_The data_

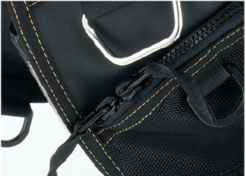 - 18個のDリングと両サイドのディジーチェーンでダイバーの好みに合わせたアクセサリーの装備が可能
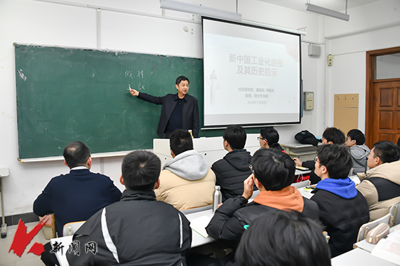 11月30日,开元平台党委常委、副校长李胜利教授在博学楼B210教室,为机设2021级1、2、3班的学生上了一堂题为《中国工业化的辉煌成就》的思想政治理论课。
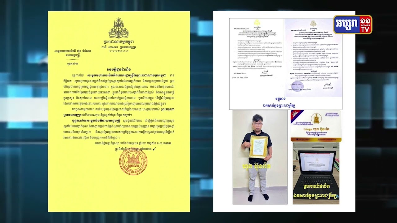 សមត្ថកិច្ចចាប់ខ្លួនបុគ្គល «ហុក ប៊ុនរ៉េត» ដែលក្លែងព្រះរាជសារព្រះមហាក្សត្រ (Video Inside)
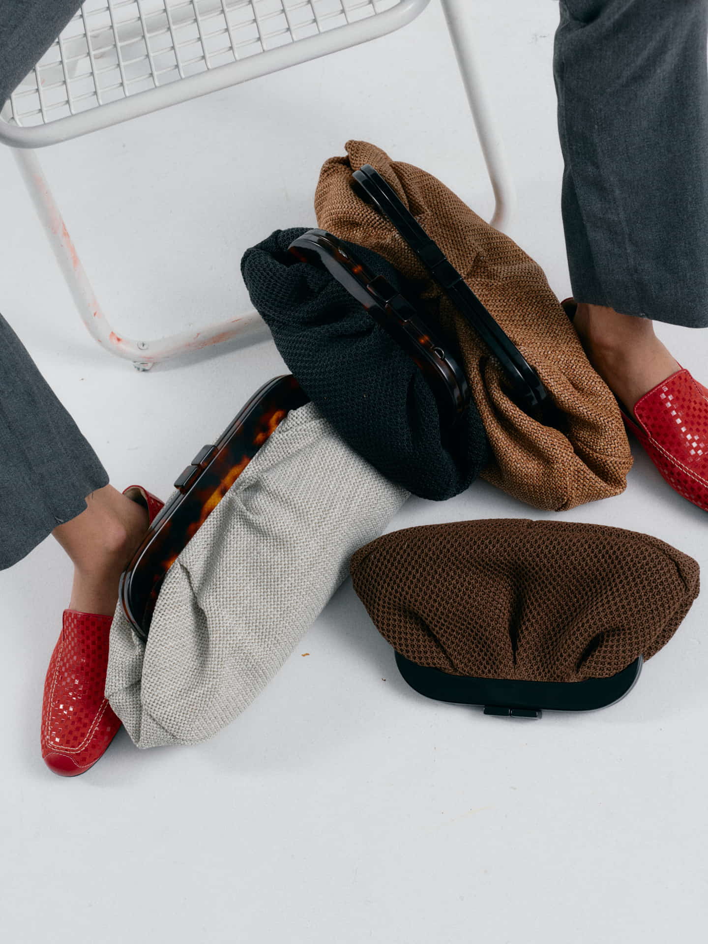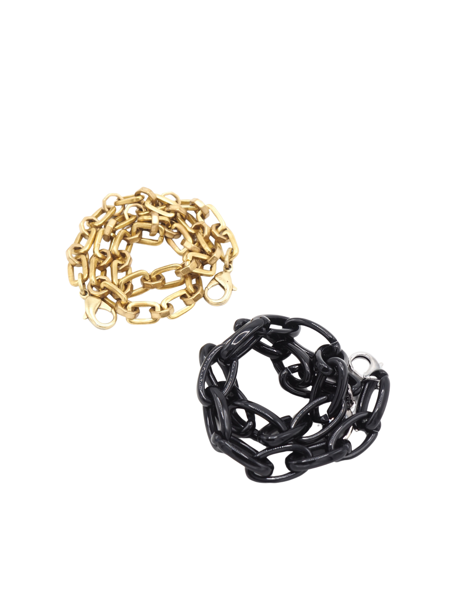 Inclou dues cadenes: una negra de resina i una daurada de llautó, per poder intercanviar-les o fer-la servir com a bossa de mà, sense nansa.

_Your task_
Each line above has to be returned exactly. Drop the pictures.

_Task output_
 - 18個のDリングと両サイドのディジーチェーンでダイバーの好みに合わせたアクセサリーの装備が可能
 11月30日,开元平台党委常委、副校长李胜利教授在博学楼B210教室,为机设2021级1、2、3班的学生上了一堂题为《中国工业化的辉煌成就》的思想政治理论课。
 សមត្ថកិច្ចចាប់ខ្លួនបុគ្គល «ហុក ប៊ុនរ៉េត» ដែលក្លែងព្រះរាជសារព្រះមហាក្សត្រ (Video Inside)
 Inclou dues cadenes: una negra de resina i una daurada de llautó, per poder intercanviar-les o fer-la servir com a bossa de mà, sense nansa.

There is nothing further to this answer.